• [Task details] Produce an exact transcription of the listing below, omitting the pictures.

• [Data block]

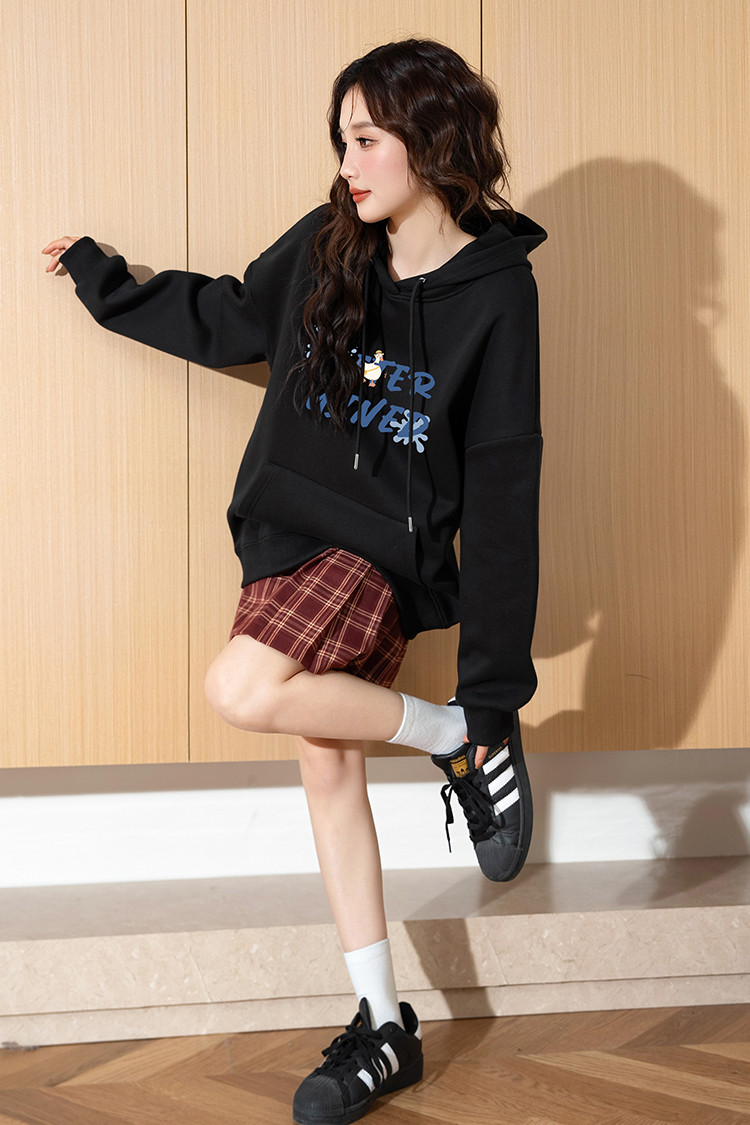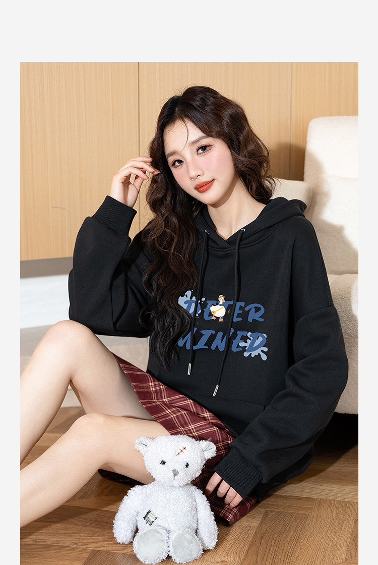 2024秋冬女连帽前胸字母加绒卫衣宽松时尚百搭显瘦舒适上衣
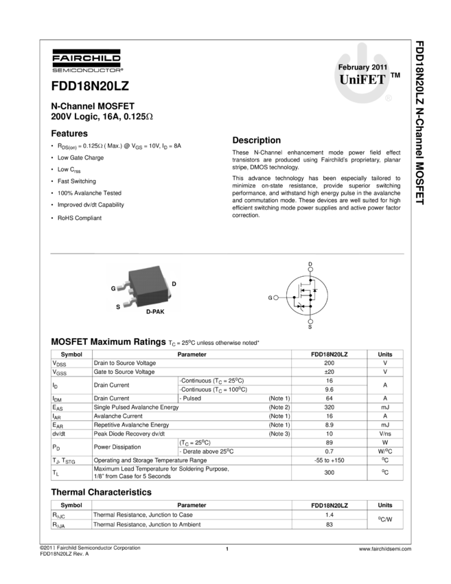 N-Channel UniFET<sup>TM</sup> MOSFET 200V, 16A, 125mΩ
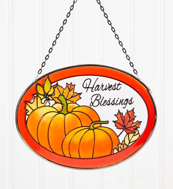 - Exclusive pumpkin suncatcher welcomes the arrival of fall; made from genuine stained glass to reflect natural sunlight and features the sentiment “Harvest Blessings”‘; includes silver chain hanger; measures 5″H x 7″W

• [Task answer]
 2024秋冬女连帽前胸字母加绒卫衣宽松时尚百搭显瘦舒适上衣
 N-Channel UniFET<sup>TM</sup> MOSFET 200V, 16A, 125mΩ
 - Exclusive pumpkin suncatcher welcomes the arrival of fall; made from genuine stained glass to reflect natural sunlight and features the sentiment “Harvest Blessings”‘; includes silver chain hanger; measures 5″H x 7″W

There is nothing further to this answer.